④ Under the instant operation and management entrustment agreement, there is no provision that the Plaintiff may specifically direct and supervise the operation and management of the instant golf course, or impose sanctions against luminous development if the Plaintiff fails to comply with the Plaintiff’s direction and supervision.

⑤ With respect to various proposals and approvals on personnel management reports and financial execution, etc. conducted for the operation and management of the instant golf course, the representative director of the luminous Development only has the final decision-making authority, but does not have any structure that can be involved in the Plaintiff’s approval, etc., and in fact, there is no trace of the Plaintiff’s participation therein.

C. Examining the relevant evidence on the premise of the aforementioned legal doctrine in light of the record, the lower court’s fact-finding and determination is justifiable. In so doing, contrary to what is alleged in the grounds of appeal, there were no errors by misapprehending the legal doctrine on “establishment of a branch or a branch office” or failing to exhaust all necessary deliberations, which is a requirement for heavy taxation of acquisition tax.

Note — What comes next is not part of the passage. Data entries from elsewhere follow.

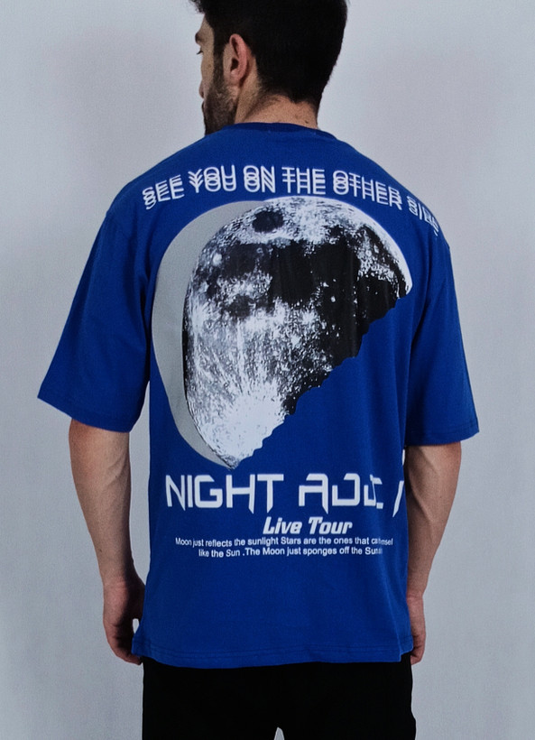 تیشرت آستین کوتاه مردانه آبی طرح ماه شب نما
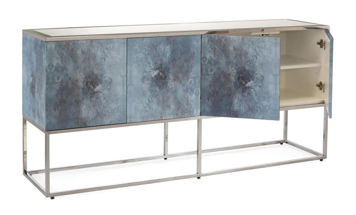 Product Description: John Richard EUR-04-0313 Clayton Four Door Cabinet - Adding art in an unexpected place gives us the Clayton Cabinet, which is in our beautiful giclée finish. It has a beveled mirror top and polished nickel base.
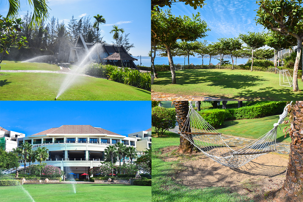 沙滩平缓、波浪轻慢,全年来讲都很适合下海嬉戏。从A座客房出来,电梯直达1楼,或从2楼翡翠阁沿着旋转楼梯下楼,走过软软的中央草坪,海风拂面,这种惬意,真是的别人羡慕的样子!偶尔回眸,喷淋花洒经过的地方,阳光与水花织起一缕缕彩虹,海鸥时不时停落在椰林间漫步。这样的景致并不是每一家酒店都有。
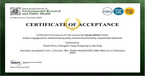 近日,历史文化与旅游管理系教师周晓丽以第一作者身份,联合北京第二外国语学院唐承财教授和西南财经大学吕兴洋副教授在SSCI期刊《International Journal of Environmental Research and Public Health》(影响因子:2.468)上发表学术论文“Visitor engagement, relationship quality and environmentally responsible behavior”(游客契合、关系质量与游客环境责任行为),该文从关系营销学的视角出发,借助游客与目的地之间的“契合”这一重要构念,聚焦于游客自觉、主动型环境责任行为的激发,为目的地实现可持续发展提供理论指导和实践启示。 该论文是历史文化与旅游管理系的第一篇SSCI收录论文,也是我院首篇被SSCI收录的学术论文,它的发表有力地促推了我院旅游学科建设与科研水平提升,为旅游管理专业硕士点的建设注入了新动力。

2. Regarding ground of appeal No. 2

In addition to the above judgment, the court below determined that ① in the process of comprehensively succeeding to the assets used by the Plaintiff for the instant golf course from minito, rather than establishing a new office, the Plaintiff acquired the instant golf course site and building in its name, and subsequently, it cannot be subject to heavy acquisition tax under Article 13(2)1 of the former Local Tax Act, etc., and ② the remainder except for the portion used as an office among the instant golf course site and building cannot be deemed as “real estate to be used directly for a corporate branch office” under the former part of Article 27(3) of the former Enforcement Decree of the Local Tax Act.

As long as the lower court’s determination on the ground of appeal No. 1 was justifiable, this part of the lower court’s additional determination cannot affect the conclusion of the judgment, and thus, the ground of appeal on this point cannot be accepted without further review.

3. Conclusion

Therefore, the appeal is dismissed, and the costs of appeal are assessed against the losing party. It is so decided as per Disposition by the assent of all participating Justices on the bench.